Today is the appointed time by our wonderful Government for Section 74 of the Criminal Justice and Immigration Act 2008 to come into force. It creates the new offence of intentionally stirring up hatred on the grounds of sexual orientation.

What is ‘hatred’?

OED: ‘intense dislike’.

It is not a matter of inciting violence or grievous bodily harm: there are already laws against that.

So it is now a crime to ‘intensely dislike’ homosexuality.

Or to ‘intensely dislike’ homosexuals.

Because the two are so easily confused in the mind of the victim (if not the perpetrator) that the mildest disapproval of the behaviour might be mistaken (or purposely distorted or misinterpreted) as vehement disapprobation to the extent that it becomes an irrational attack upon the person.

It is true that the Lords won an important ‘freedom of speech’ amendment, but it will exist only on paper. In practice, the culture will shift towards an auto-self-censorship: people will be so afraid of transgressing the law (or, worse still, of merely being accused of transgressing the law) that the jokes will subside, humour will diminish, drama will avoid the subject and real life will consequently be impoverished. Debates on sexuality will become taboo, not because of a statutory prohibition but because of an impediment to negativity, questioning, accusation and allegation.
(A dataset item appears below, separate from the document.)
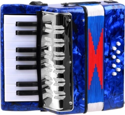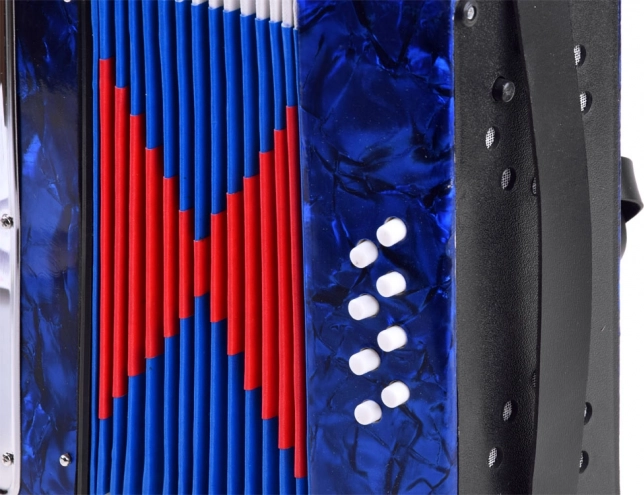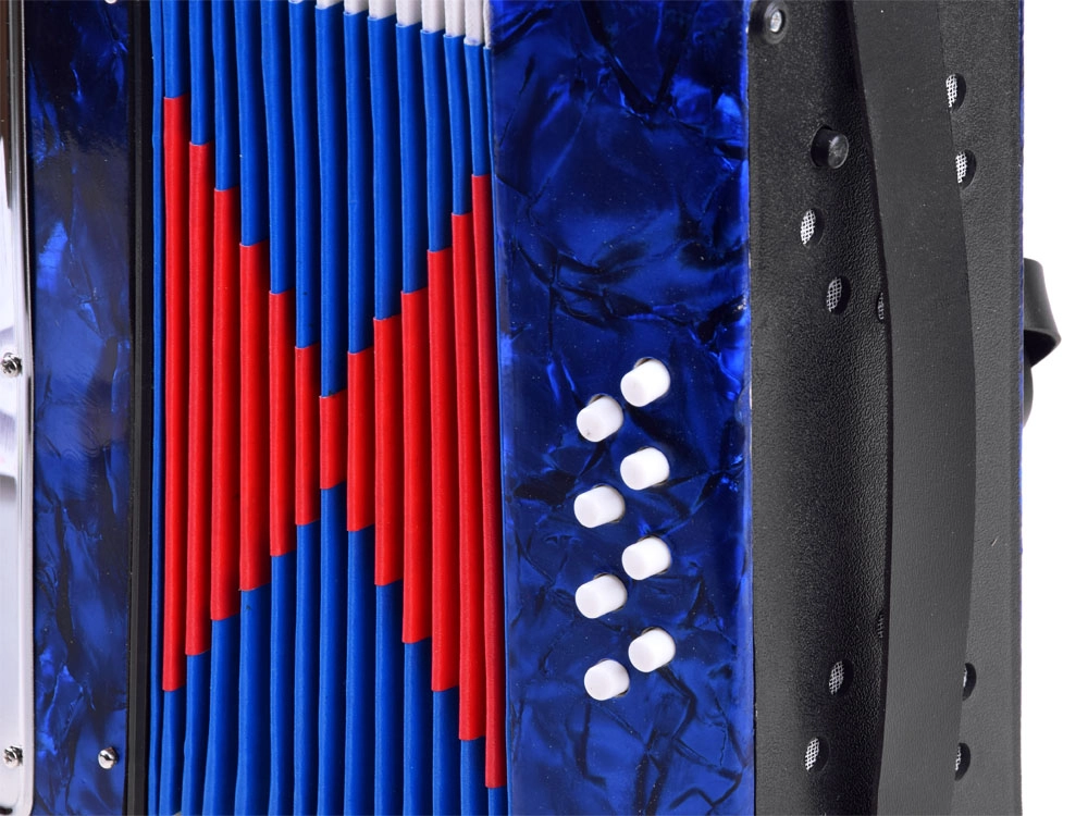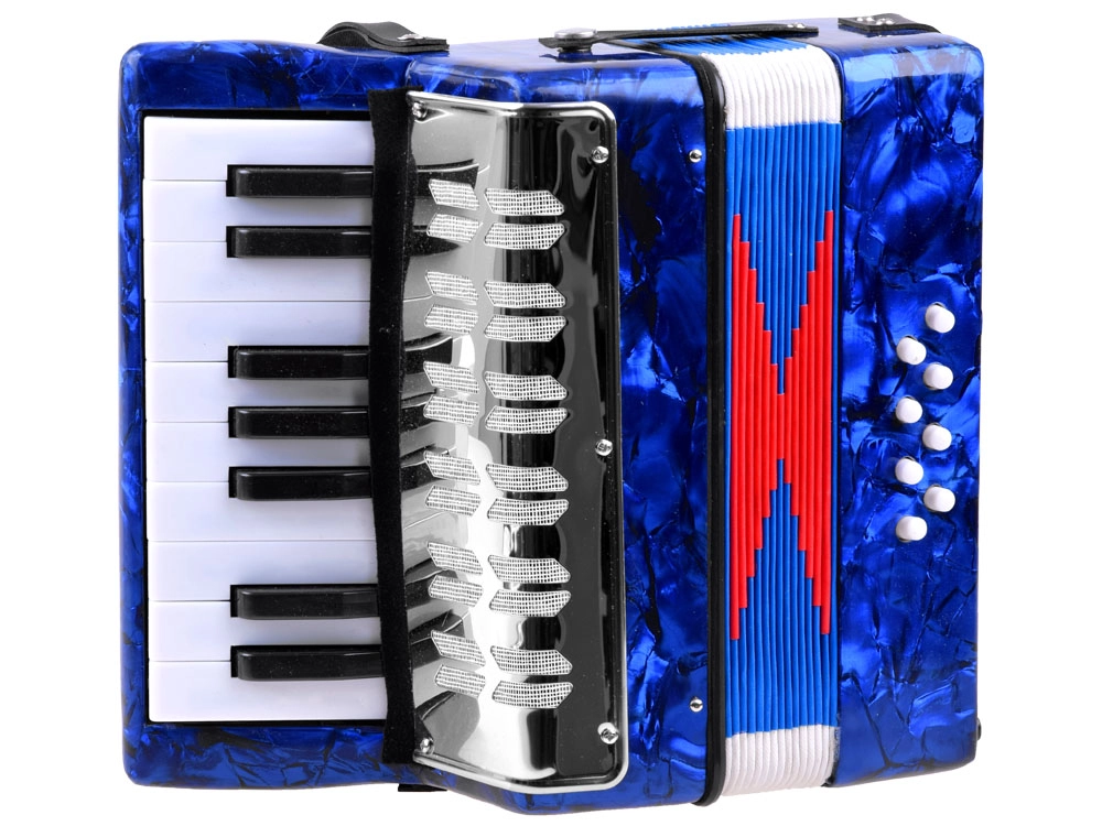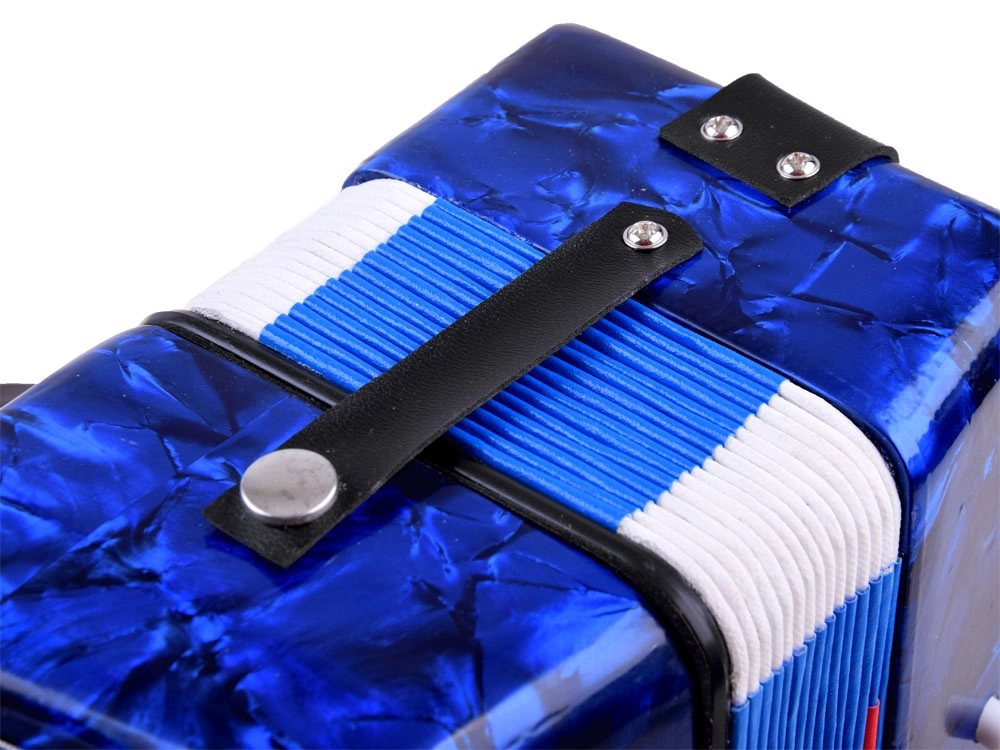 Realistische look en functies – de kinderaccordeon ziet eruit en werkt als een echt instrument: het geluid ontstaat door de balg uit te trekken en in te drukken, met zowel toetsen als basknoppen. Dankzij de hoogwaardige afwerking en de glanzende blauwe afwerking is hij aantrekkelijk en duurzaam.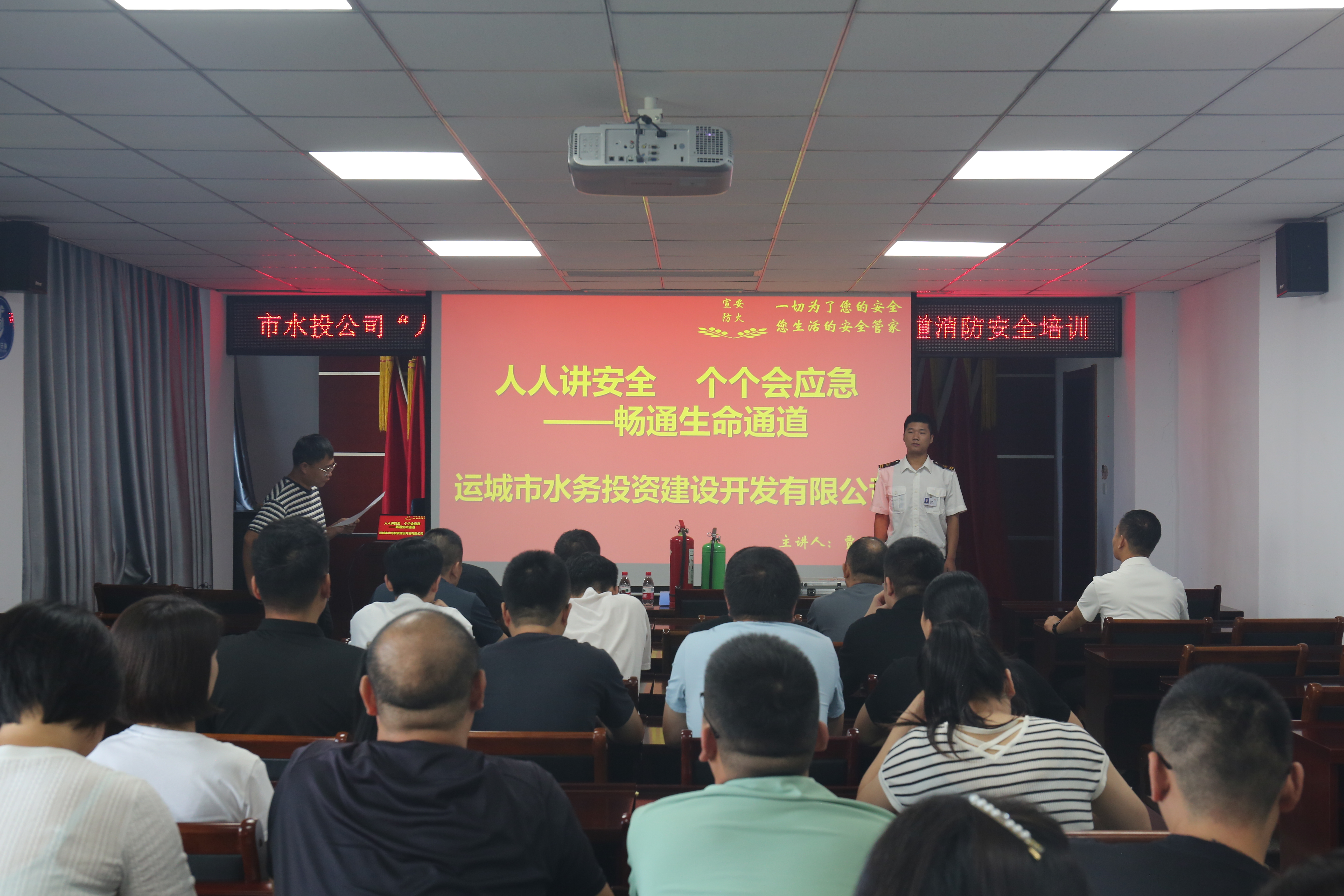 為進(jìn)一步提升消防防控水平,增強職工消防安全意識和責(zé)任意識,9月19日上午,公司組織開展“人人講安全,個個會應(yīng)急”——暢通生命通道為主題的消防安全培訓(xùn)。培訓(xùn)邀請宣安防火專業(yè)人員賈迎港講師授課。圍繞消防知識、消防意識、消防工具的使用及常用滅火方法等多方面內(nèi)容展開培訓(xùn),公司機關(guān)30余人參加。

Did you hear the one about the gay guy who…?

Bigot.

Call the police, report the crime.

And you can be very sure that the police will treat the allegations with the utmost urgency.

God forbid that Her Majesty’s Constabulary might be accused of being homophobic.

What is ‘hate speech’?

Is not literature full of it? Not only the religious texts from just about every culture, but also the greatest works of Shakespeare, Marlow, Webster, Ford, Tourneur…

And that’s just the Elizabethans and Jacobeans.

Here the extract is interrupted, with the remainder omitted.